Yup, Avi. They are DC supplies, and normally I would choose rather big ones. I guess I will have to experiment with the best value for those input filter caps in this case. The problem, I think, is that the larger they are, the more inrush I will get in the already-on supply, and the bigger I make them, the less I will have to actually worry about that inrush lowering the voltage of the already-on supply.

This is possibly a bit of a misunderstanding with filter capacitors supplying a linear regulator. The filter capacitors should be just big enough and no bigger. If you make the filter capacitors bigger than needed you will have a worse power factor on the transformer secondaries (lower efficiency) and a bigger problem with inrush current through the rectifier.

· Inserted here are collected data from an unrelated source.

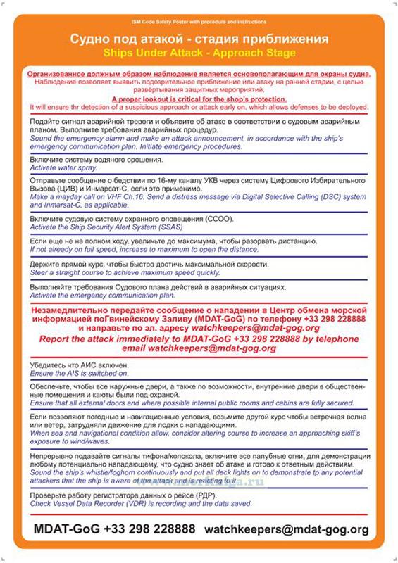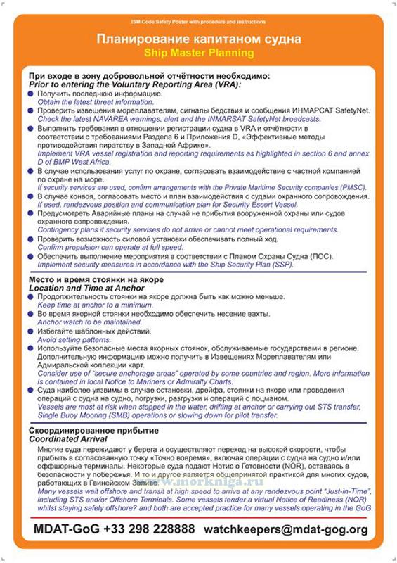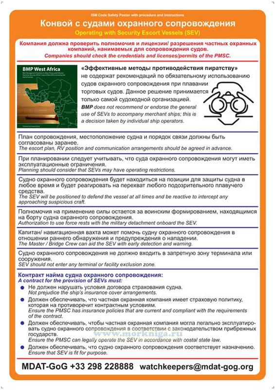Плакат на русском и английском языках Плакат содержит рекомендации по борьбе с пиратством, а также по содержанию контракта найма охранного сопровождения судна. ...
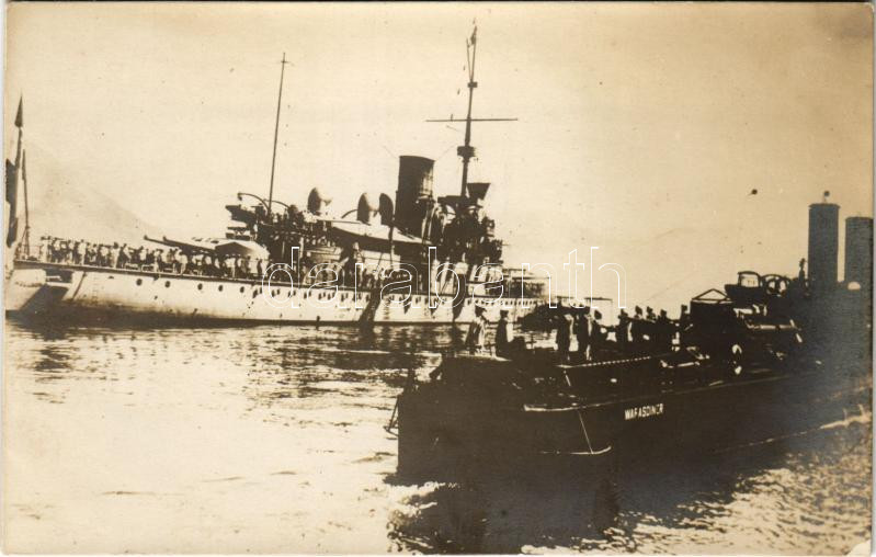 Beschreibung: SMS Warasdiner Osztrák-Magyar Haditengerészet rombolója matrózokkal és csatahajóval / K.u.K. Kriegsmarine Zerstörer / WWI Austro-Hungarian Navy destroyer and battleship, mariners. photo
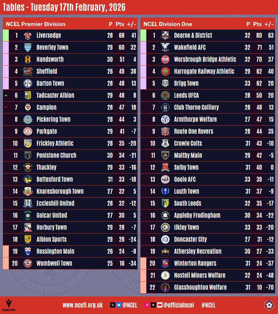 Campion's 5-0 home win over basement side Wombwell Town has seen them leap up into the Macron NCEL Premier Division play-off zone whilst Tadcaster Albion also boosted their chances with a midweek victory.Jack Normanton struck twice whilst there was one each from Patrick Sykes, Sonny Whittingham and Ewan Gregson as Campion claimed a comfortable three points over their visitors who were reduced to ten men following the dismissal of Edward Agnew.
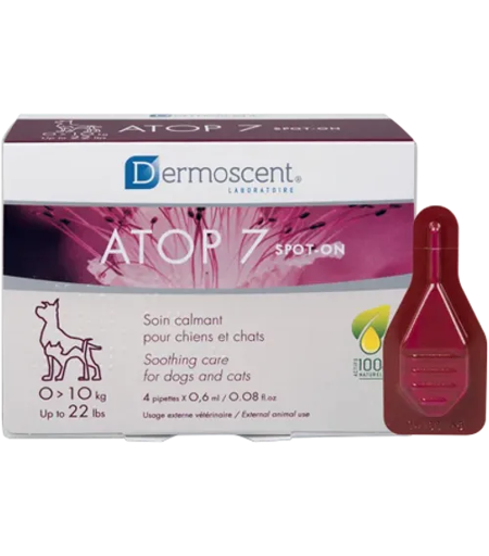 ATOP 7® spot-on inneholder utelukkende ingredienser av naturlig opprinnelse for å fremme kutan barrierereparasjon og bidra til å berolige irritert eller allergisk utsatt hud:- Hud utsatt for kløe- Irritasjon, rødhet- Overfølsomhet ...

To size filter capacitors you should look at the highest planned load and the worst case drop-out voltage on the regulator, combine this with the lowest expected voltage on the transformer primary, then size the filter caps so that the input voltage to the regulator falls just above the drop-out voltage. The regulator will take care of the ripple and any supply fluctuations.

[rbola35618]

If you have a flyback, you just need to be carefully that you always have a load especially if it is a current mode controlled supply. With a current control mode the supply acts as a current source and if you are not closing the feedback on the unloaded supply, the supply acts as a current source. Unloading the supply will cause the output voltage to peak detect and the voltage might go way up and therefore need to make sure the output filter caps can handle the voltage. Hope this helps

[BobbyK]

Thanks everyone. Both supplies connected to the secondaries will be simple regulated DC supplies. I have done inrush protection on Amps in the past, and if I find some of the old circuits around I might just try it here too, though the caps are not that big, and neither is transformer. Overall, seems I should be safe doing this just limiting current a tad and filtering. I'll get started on the supply asap - thanks again everyone.

[vk6zgo]

If you have a flyback, you just need to be carefully that you always have a load especially if it is a current mode controlled supply. With a current control mode the supply acts as a current source and if you are not closing the feedback on the unloaded supply, the supply acts as a current source. Unloading the supply will cause the output voltage to peak detect and the voltage might go way up and therefore need to make sure the output filter caps can handle the voltage. Hope this helps

Lots of SMPS--especially those used by Sony in the 1970s & '80s will happily operate into an open circuit.
The early Philips TV ones,& modern PC supplies  need an external load.

[rbola35618]

The early television worked with open circuit because they were voltage mode control and therefore the flyback transformer acted like a voltage source. However, if you use current mode control, the flyback behaves as a current source and as your load increases the output voltage will increase higher than what you would expect from the turns ratio especially if the supply's loop is not closed on it.

[ElectroIrradiator]

If the DC load current from your output is expected to be 3A, then the transformer probably isn't up for the job. As a rough guide, then the AC RMS load current on the transformer in a standard linear PSU is typically 2 to 3 times the DC load current delivered by the regulator to the load. The reason for this is the non-sinusoidal transformer current, enforced by the rectifier/filter cap combination.

Please disregard if you have already taken this into account.